In his letters, Franz Kafka projected his uncertainties on the photograph of his fiancé and wrote how her “little photograph produces as much pleasure as pain.” Kafka continues: “It does not fade away, it does not disintegrate like a living thing; instead it will survive forever, a permanent comfort; I cannot fully penetrate it, but it won’t leave me, either.”*
I reflect on the love letter as an under-examined form in the archive of art historical “thinking” about photography. By establishing the dominance of a “rubric that disavowed feeling.” (Brown & Phu 2014, 13) I was struck by the question of how “straight” photo criticism, which, “while shrewd in its materialist and historicist politics,” had marginalized photography’s “shadow subjects, most notably, women, racialized minorities, and queer sexualities.” (ibid.,14)
Shawn Michelle Smith devotes the beginning of her chapter to the queerness of Barthes’s Camera Lucida where he did not just theorize the critical language of feeling within photographic texts but also showed us a practical example of how to use it. Published two months before his own death, Barthes approached his subject (the photograph of his deceased mother when she was young) with philosophical thoroughness, partly systematically, partly intuitively and associatively. In contrast to his semiotic considerations of literature, film, or fashion, Barthes observes how photography seems to refuse methodical analysis. Instead, there is a persistent search for the “essence of photography” which according to Smith is “inextricably bound to the essence of his mother.” (ibid., 32). Smith’s use of Spence’s phrase encapsulates the complexity of the sentimental approach; “it is easy to lose sight of the ends to which one is ‘putting one’s self in the picture’”. However, Smith’s analysis of photographer F. Holland Day’s “affective intentionality” (ibid., 30) shows a critical antidote: turning the variable notion of Barthe’s “punctum” into a creative concept of “wounds” as illustrated in her photographic reimagining of St. Sebastian.
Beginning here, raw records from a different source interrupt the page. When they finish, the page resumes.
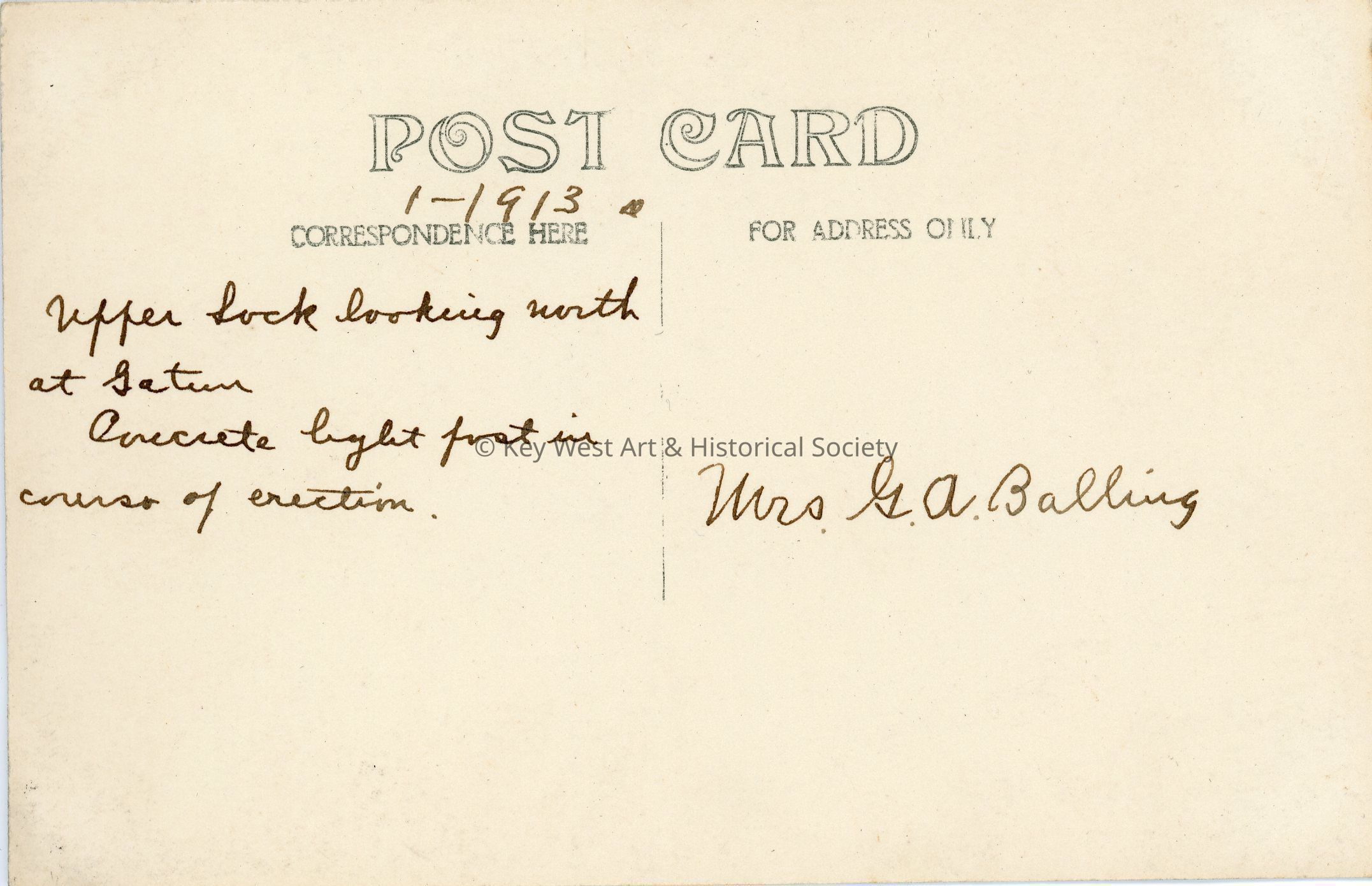 Black and white photograph postcard depicting the construction of the Panama Canal. The photo is looking north at the upper lock at Gatun Locks. The postcard is dated January 1913 and is addressed to Mrs. G.A. Balling.Subject
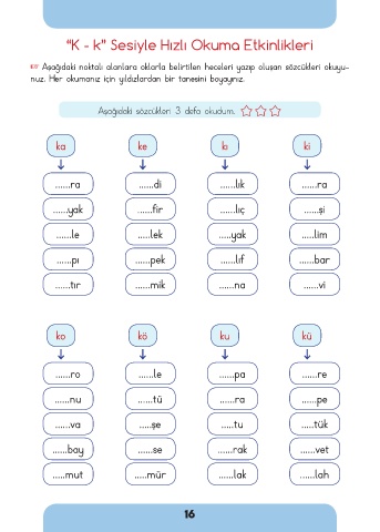 + Aşağıdaki noktalı alanlara oklarla belirtilen heceleri yazıp oluşan sözcükleri okuyu-
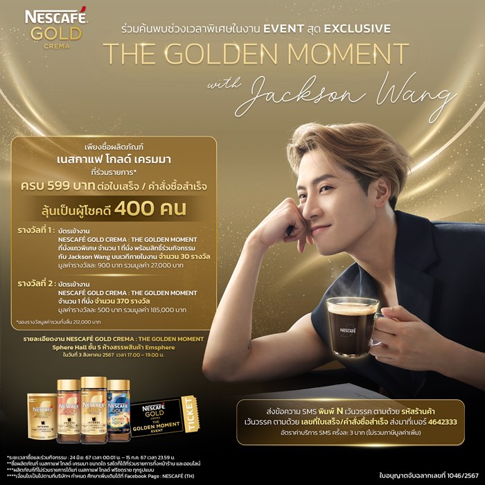 NESCAFÉ GOLD CREMA เชิญชวนคนรักกาแฟลุ้นรับสิทธิ์เข้าร่วมงาน NESCAFÉ GOLD CREMA : THE GOLDEN MOMENT with Jackson Wang สุดพิเศษแบบ Exclusive จำนวน 400 ท่าน แล้วมาร่วมค้นพบ GOLDEN MOMENT ของคุณไปด้วยกัน ห้ามพลาด!
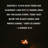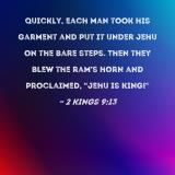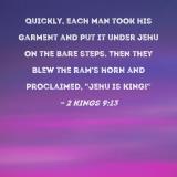 Quickly, each man took his garment and put it under Jehu on the bare steps. Then they blew the ram's horn and proclaimed, "Jehu is king!"
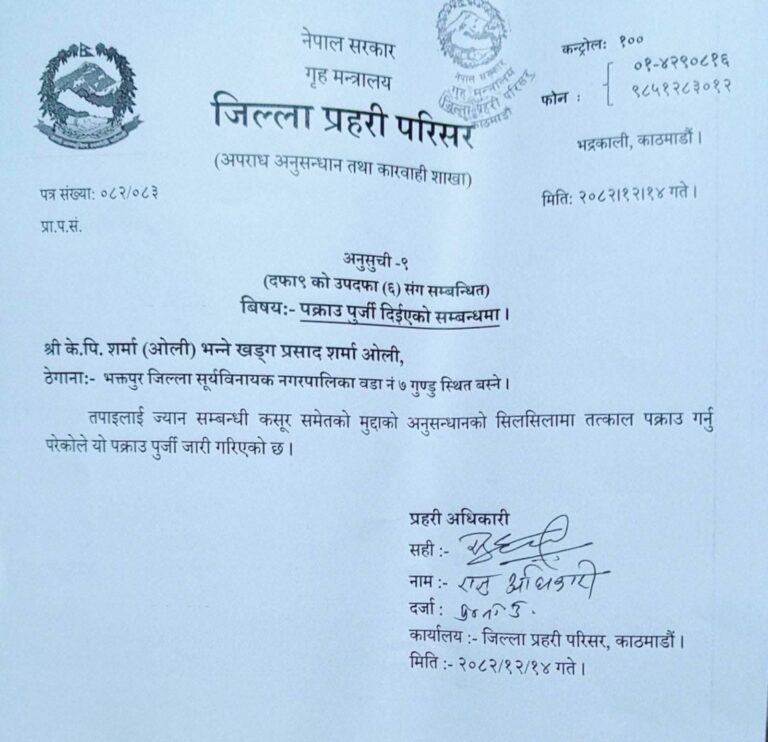 पक्राउ पर्नुअघि ओलीलाई ज्यानसम्बन्धी कसुरमा अनुसन्धानका लागि पक्राउ पुर्जी थमाइएको थियो ।

Smith’s essay shows how photographs wound the heart of the beholder. Sharon Sliwinski contends that traumatic responses to pictures bind spectators into an ethical community. In particular, she talks about how “atrocity images speak not to a rejection of feeling altogether but rather to a desire to provoke more politically useful feelings.“ (ibid., 4) This bond of compassion formed around photographs promises an affective redemption for an intimate public, perhaps in the same way it evokes desire between corresponding lovers. In relation to Kafka who sought to enter the photograph, Barthes wrote: “I can’t get to the bottom of photography, I can’t penetrate it.” He continues, “I can only let my gaze wander over its quiet surface.” (Camera Lucida, 106). But it is precisely by the wandering gaze of Kafka and Barthes, and in their wounded contemplations, whether of their fiancé or mother, that we gain insights into the impenetrable nature of photography.
*Kafka, Franz, and Felice Bauer. 1973. Letters to Felice. New York: Schocken Books. 443. I modified the translation here to reflect the original “eindringen” which Kafka uses. Literally “penetration”.